The Making of the DSM and the Unmaking of Psychiatry

by Gary Greenberg

Pub Date: May 2nd, 2013
ISBN: 978-0-399-15853-7
Publisher: Blue Rider Press

A loose-limbed, skeptically informed critique of the Diagnostic and Statistical Manual, with particular interest in its forthcoming, fifth incarnation.

Like it or not, the DSM is a controversial book from almost any approach, and Mother Jones contributor Greenberg (Manufacturing Depression, 2010, etc.) explores them all in this rangy commentary. The DSM has been accused of corruption, infected by Big Pharma looking for new targets and doctors looking for new patients, and its editors have been accused of deception, evasion and secrecy as they garner millions in profit for the American Psychiatric Association. But the authority it has gathered is perhaps most damning: descriptive agreement between practitioners masquerading as medical science, its diagnoses putting critical educational and insurance benefits on the block, a realized potential for overmedicating what may well be normal behavioral responses.
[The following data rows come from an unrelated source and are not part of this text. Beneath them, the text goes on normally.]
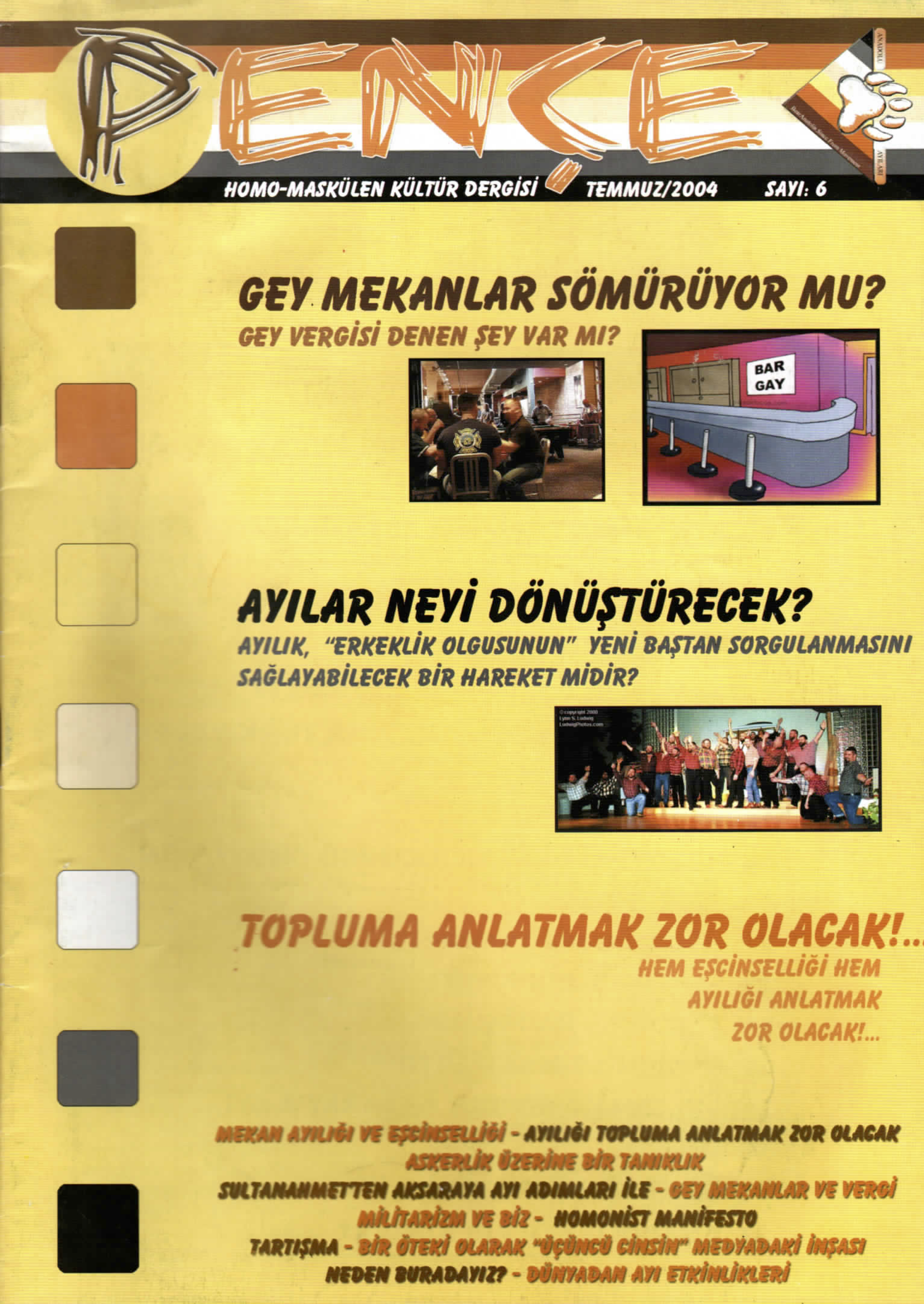 Askerlikle ilgili bir diğer önemli kaynak ise “homo-maskülen kültür dergisi” Pençe’nin Temmuz 2004 sayısı. Ayı hareketinin kısa süreli yayınlarından Pençe’nin altıncı sayısında askerlik üzerine bir tanıklığın yanı sıra militarizm üzerine bir yazı da yer alıyor[11]: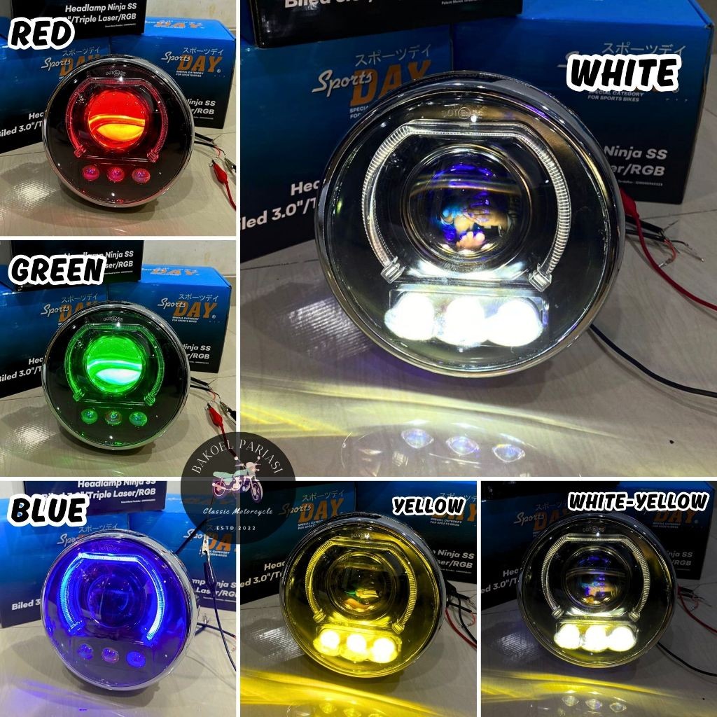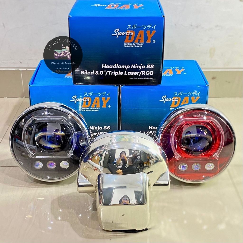 HEADLAMP NINJA SS BILED RGB 3'0 TRIPLE LASER LAMPU DEPAN NINJA R SET BATOK NINJA IMPORT SPORTSDAY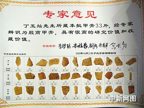 在本次論壇上,廈門(mén)當(dāng)代置業(yè)集團(tuán)副總裁、廈門(mén)復(fù)文美術(shù)館副館長(zhǎng)、福建海泉蘭花實(shí)業(yè)有限公司董事長(zhǎng)丁玉燦,將個(gè)人繼承、收藏的,經(jīng)現(xiàn)場(chǎng)專(zhuān)家組“辨識(shí)為殷商甲骨,具有很高的研究?jī)r(jià)值和收藏價(jià)值”的三十三片甲骨,無(wú)償?shù)鼐栀?zèng)給南靖縣人民政府永久收藏。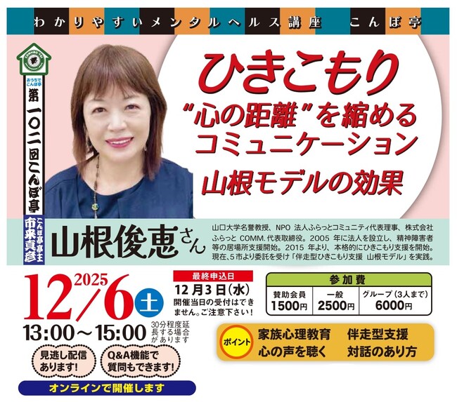 【NPO法人地域精神保健福祉機構・コンボ主催】第102回こんぼ亭月例会『ひきこもり: "心の距離"を縮めるコミュニケーション~山根モデルの効果~』(2025/12/06; オンライン開催)

A practicing psychotherapist, Greenberg is not about to throw the baby out with the bath water, to deride the urge to recognize and classify our psychological travails, but he does take exception when those categories claim more than they can deliver and our prejudices lead to wild surmises mostly out of touch with the landscape of suffering’s natural boundaries. Greenberg is an entertaining guide through the treacheries and valuable instances of the DSM, interviewing members on both sides of the divide and keeping the proceedings conversational even when discussing the manual’s pretensions toward epistemic iteration. He also brings his own practice into the picture, with examples of the DSM falling woefully short in capturing the complexity of personality.

Bright, humorous and seriously thoroughgoing, Greenberg takes all the DSMs for a spin as revealing as the emperor’s new clothes.